3.2 Conceitos e categorias lingüístico-discursivas de análise

3.2.2 Pessoa, espaço e tempo

Essas categorias de análise lingüística vêm da teoria da enunciação, desenvolvida por Émile Benveniste. Em sua reflexão, esse autor estabelece uma relação de indissociabilidade entre a linguagem e o ser humano. Suas formulações, que foram

gradualmente explicitando uma teoria da enunciação, foram elaboradas e divulgadas de modo disperso em diversos artigos, sendo posteriormente reunidas e apresentadas como unidade na forma de um aparelho formal da enunciação (cf. Brait, 2006, p. 37-50; Benveniste, 1970/1989).
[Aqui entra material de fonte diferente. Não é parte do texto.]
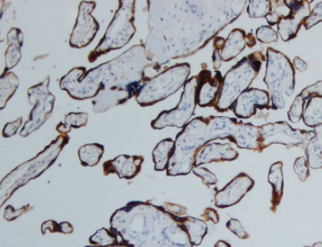 人绒毛膜促性腺激素(hCG)抗体是一种特异性识别妊娠相关肽激素的检测工具,主要用于标记滋养层来源的细胞和肿瘤。hCG由胚胎着床后产生(后期由合体滋养层细胞分泌),其核心功能是通过维持黄体孕酮分泌来保障妊娠,同时参与调节妊娠免疫耐受过程。该抗体在病理诊断中具有重要价值:①能特异性检测绒毛膜癌等滋养层肿瘤;②在非滋养层肿瘤中,肺大细胞癌(90%阳性)和肺腺癌(60%阳性)呈现较高表达率,肺鳞癌亦有20%阳性率。值得注意的是,hCG在非滋养层肿瘤中的表达可能提示侵袭性生物学行为,因其参与调控肿瘤宿主免疫反应,这使得该抗体不仅成为妊娠检测和滋养层疾病诊断的金标准,也为评估某些恶性肿瘤的预后提供了潜在分子标志。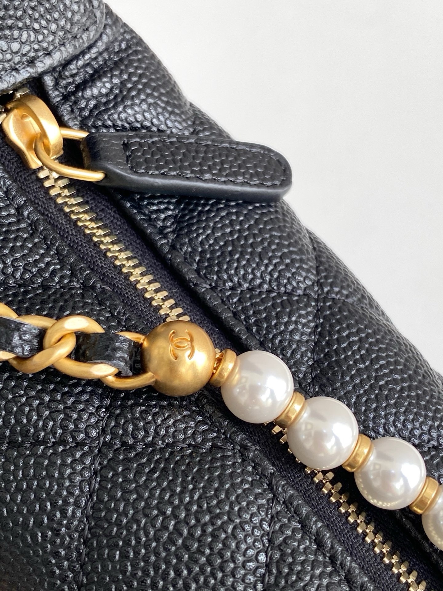 padrão matelassado da Chanel , o icônico logotipo duplo “CC” e a textura cintilante do couro caviar, símbolo de requinte e sofisticação.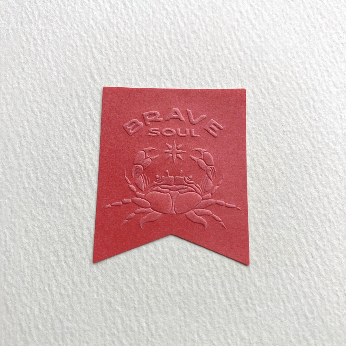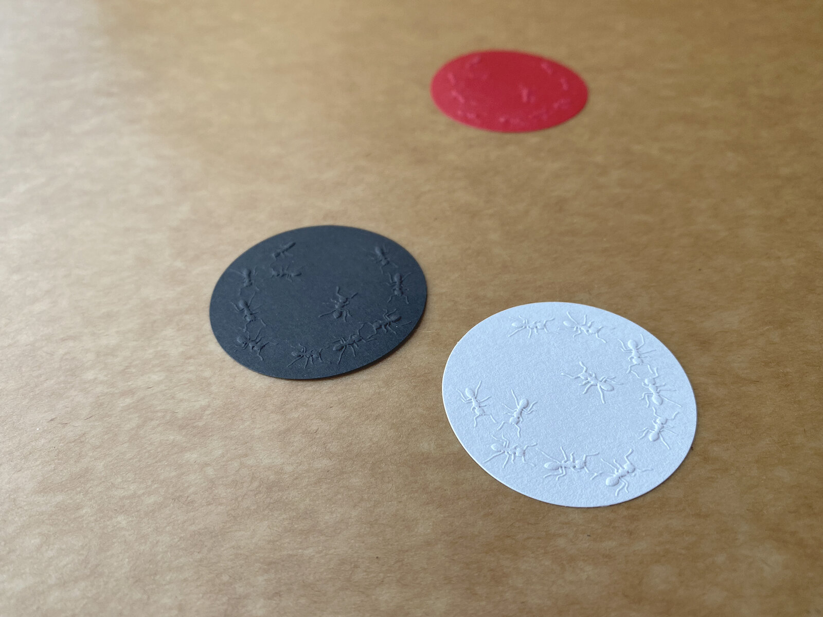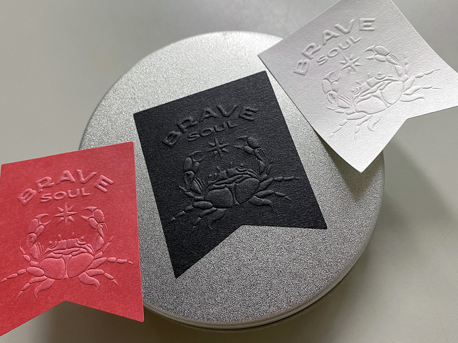 金属版を使用して ①印刷 ②箔押し ③型抜き の順に加工します。オフセット印刷のような高精度な印刷面というより、カスレ・揺らぎ感・凹み感のある活版印刷のような味わいのある印刷面になります。

Dessa teoria, que, de modo geral, trata do processo de “colocar a língua em funcionamento por um ato individual de utilização” (Benveniste, 1970/1989, p.82), tem-se em vista a questão da subjetividade e da intersubjetividade na forma das categorias de pessoa, espaço e tempo5.
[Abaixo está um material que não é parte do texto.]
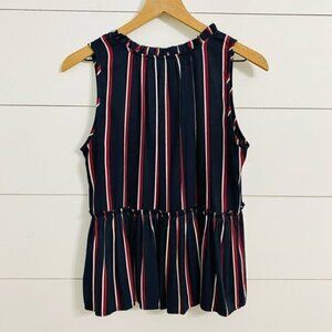 Loft Striped Sleeveless Silky Peplum Ruffle Top Blouse, Women's Size Small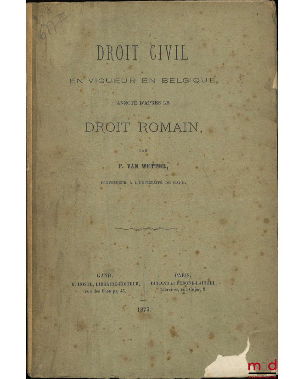 DROIT CIVIL EN VIGUEUR EN BELGIQUE, ANNOTÉ D’APRÈS LE DROIT ROMAIN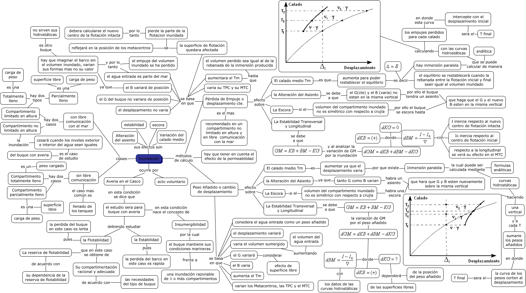 Este Cmap, tiene información relacionada con: Inundación, Peso Añadido o cambio de desplazamiento efecto sobre La Estabilidad Transversal y Longitudinal, Inundación métodos de cálculo Peso Añadido o cambio de desplazamiento, Peso Añadido o cambio de desplazamiento efecto sobre El calado medio Tm, donde, la variación de GM por el peso añadido, Parcialmente lleno es una carga de peso, Inundación clases con libre comunicación con el mar, sin libre comunicación el caso mas común es llenado de los tanques, La Escora si el volumen del compartimento inundado no es simétrico con respecto a crujía, Inundación sus efectos son estabilidad, Compartimiento limitado en altura hay dos tipos Totalmente lleno, la variación de GM por el peso añadido, Peso Añadido o cambio de desplazamiento se basa en que el desplazamiento variará, hay inmersión paralela que se puede calcular de manera análitica, intercepte con el desplazamiento inicial sera el T final, donde, La Estabilidad Transversal y Longitudinal se debe a que, aumentara el Tm hasta que el volumen perdido sea igual al de la rebanada de la inmersión producida, el agua entrada es parte del mar y por lo tanto el empuje del volumen inundado se ha perdido, dependerá de las superficies libres

É na e pela linguagem que o homem se apresenta como sujeito, pois, ao falar, remete a si mesmo em seu discurso como um “eu”, ou seja, “é ‘ego’ que diz ego”. Portanto, de modo geral, a subjetividade pode ser definida como “a capacidade do locutor para se propor como ‘sujeito’”, o qual só pode dizer “eu” ao se dirigir a uma outra pessoa, isto é, a um “tu”. A intersubjetividade, por sua vez, pode ser definida como a troca verbal entre duas pessoas, “eu” e “tu”, num processo recíproco em que uma pessoa ao dizer “eu” instaura a outra como um “tu” e em que esta última, por sua vez, ao tomar a palavra, diz “eu” e instaura a primeira como seu “tu” (Benveniste, 1958/2005).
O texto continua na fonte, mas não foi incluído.